Spread the lump into an empty pan that’s been disinfected with a couple drops of alcohol beforehand. If it’s just wet enough, I found I could actually tap the pan against the table a few times and it would smooth itself out, plus it should get any air bubbles out.
You can stop there and the shadow will be perfectly fine once it’s dry, but I like the pretty texture so I’d let it sit for a bit (depends on how wet I made I made it, around 20 minutes to an hour) press a paper towel into it to sop up any excess alcohol, and then press the ribbon into it. I start gently to make sure the shadow is firm enough and that I’m not hitting it at an angle, and then lean into it with more force.
Either way, the shadows just need to sit and dry for 12 hours or so. 24 hours is safer if they were extra wet.
For the mini jars, I mixed them up in the jars they came in, which is super convenient. For the full sizes that I partially transferred, I just wish I had a little glass bowl to mix them in. I ended up spending most of my time cleaning out the jars to reuse, which was really annoying. A small bowl would have been easier to wipe clean. The smaller sample baggies got mixed in a spoon.

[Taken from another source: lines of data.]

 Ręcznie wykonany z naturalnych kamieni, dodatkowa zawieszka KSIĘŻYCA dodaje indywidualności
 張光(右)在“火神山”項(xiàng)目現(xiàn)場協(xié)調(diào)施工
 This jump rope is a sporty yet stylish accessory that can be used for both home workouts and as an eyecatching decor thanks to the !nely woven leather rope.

Here are the rest of the Shiro Cosmetics shadows I pressed. The large (26mm) pans are from my full sizes and the one mini (15mm) is from a sample bag.

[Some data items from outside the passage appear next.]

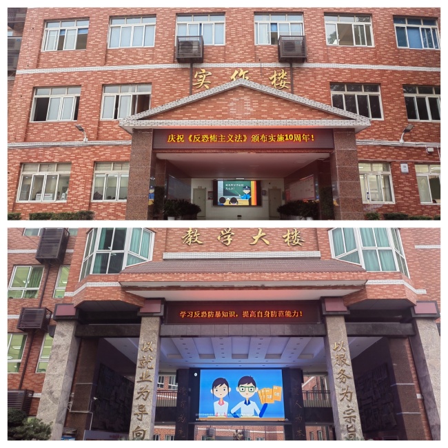 12月17—24日,学校按照制定的《渝中职教中心2025年反恐怖主题教育活动方案》,在教学楼、实作楼的电子屏幕滚动播放反恐怖主题教育宣传标语和视频,有效营造出了反恐怖教育宣传氛围。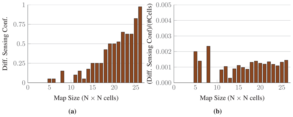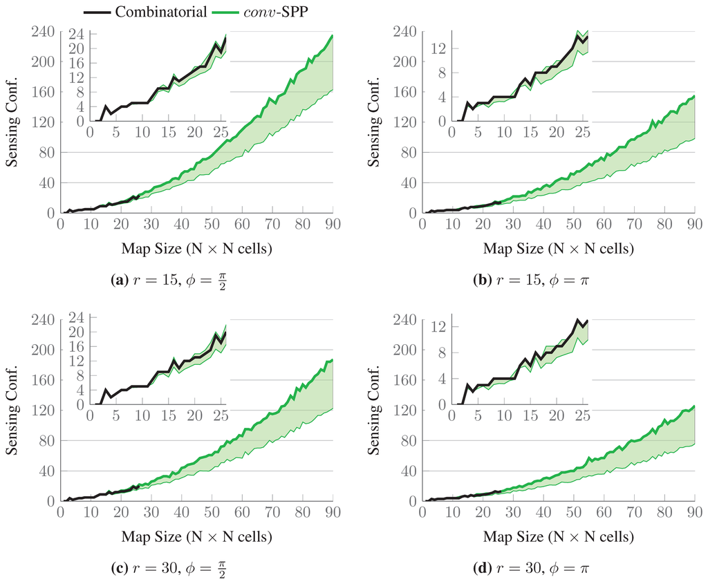 The results for a single map randomly chosen from each set are shown in Figure 11. The thick black lines represent the number of sensing configurations selected in the optimal solutions, while the upper bounds of the green-colored intervals represent the number of sensing configurations selected by conv-SPP. The lower bounds of the intervals represent the number of configurations after the first iteration of the ℓ1-minimization. The inset graphs show the results up to maps of size 26 × 26, for which the optimal solutions are available. conv-SPP obtains results which are very close to the optimal solutions in terms of the number of sensing configurations selected, as our method does not add more than two sensing configurations for any instance. Figure 12 shows the average difference of solution quality, which, for the available results, is always less than one sensing configuration.
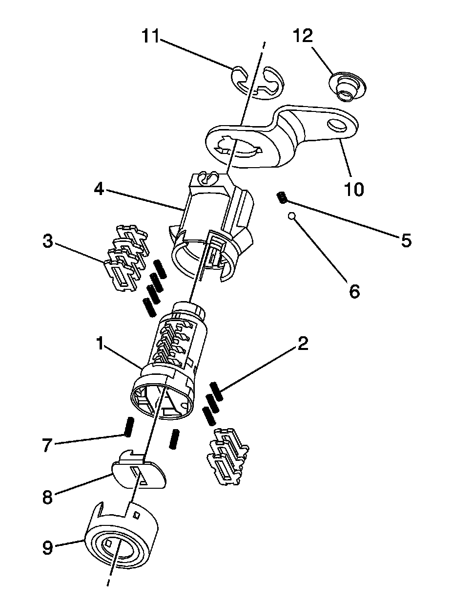 Important: The ignition lock cylinder tumblers (3) are not self-retaining and must be held in place if the key is not fully inserted into the lock cylinder or until the tumbler retainers (4) are properly staked into the cylinder.

I had the full collection of Victorian Disco‘s Sailor Scouts collection in mini jars, so they all fit into 15mm pans.
This is my Fyrrinae collection, the majority of which are mini jars which make for very full 15mm pans. The last two on the far right were free samples, which are much smaller amounts of shadow.
My Concrete Minerals collection was mostly full sized, with a couple of sample bags.

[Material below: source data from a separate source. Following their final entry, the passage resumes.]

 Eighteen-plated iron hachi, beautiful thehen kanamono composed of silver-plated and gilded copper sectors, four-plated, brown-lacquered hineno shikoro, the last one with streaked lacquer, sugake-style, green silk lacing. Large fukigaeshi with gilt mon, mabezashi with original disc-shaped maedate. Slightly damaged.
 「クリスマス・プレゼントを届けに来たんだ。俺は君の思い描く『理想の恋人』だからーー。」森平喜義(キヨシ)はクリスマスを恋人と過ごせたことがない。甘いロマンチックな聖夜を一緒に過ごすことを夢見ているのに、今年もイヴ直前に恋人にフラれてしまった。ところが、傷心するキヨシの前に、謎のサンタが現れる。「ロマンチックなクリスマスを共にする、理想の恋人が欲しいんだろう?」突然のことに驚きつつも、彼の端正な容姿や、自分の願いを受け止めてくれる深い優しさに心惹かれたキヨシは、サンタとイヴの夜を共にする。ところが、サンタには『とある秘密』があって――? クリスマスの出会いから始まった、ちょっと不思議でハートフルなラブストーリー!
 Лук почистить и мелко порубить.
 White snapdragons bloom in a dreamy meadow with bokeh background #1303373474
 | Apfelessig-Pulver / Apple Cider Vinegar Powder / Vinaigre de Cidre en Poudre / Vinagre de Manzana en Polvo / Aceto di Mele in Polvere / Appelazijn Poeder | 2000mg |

And a small collection of DreamWorld Hermetica. These were mostly mini jars, with a couple of sample bags. Some of those mini jars were a little full for 15mm pans, so one of them got dumped into a 26mm pan, and another one created two nearly full 15mm pans (the sage green color in the lower right).
Specifics on the individual brands are to come.
Generally, the color, finish, and quality of each shade seems to have been retained in the pressed versions. The subtleties of each shade are actually more visible in the pressed form than in the loose jars, so it makes it easier to know what color to expect when applied to the skin. For example, I always felt that a lot of the darker Victorian Disco shades looked very similar to each other in the jar, and now they look much more differentiated and true in the pans. So that’s a great benefit, even in addition to the smaller size and more convenient format.
I’ve been playing around with them and for the most part everything seems to have turned out pretty great. I need to go through and methodically swatch all of them, but out of the ones I’ve tried so far, I’ve only really found one that seems kind of hard. On the whole, I’ve been really pleased!
Have you ever tried pressing loose shadows? I would love to hear how it worked for you and whether you discovered any helpful tips!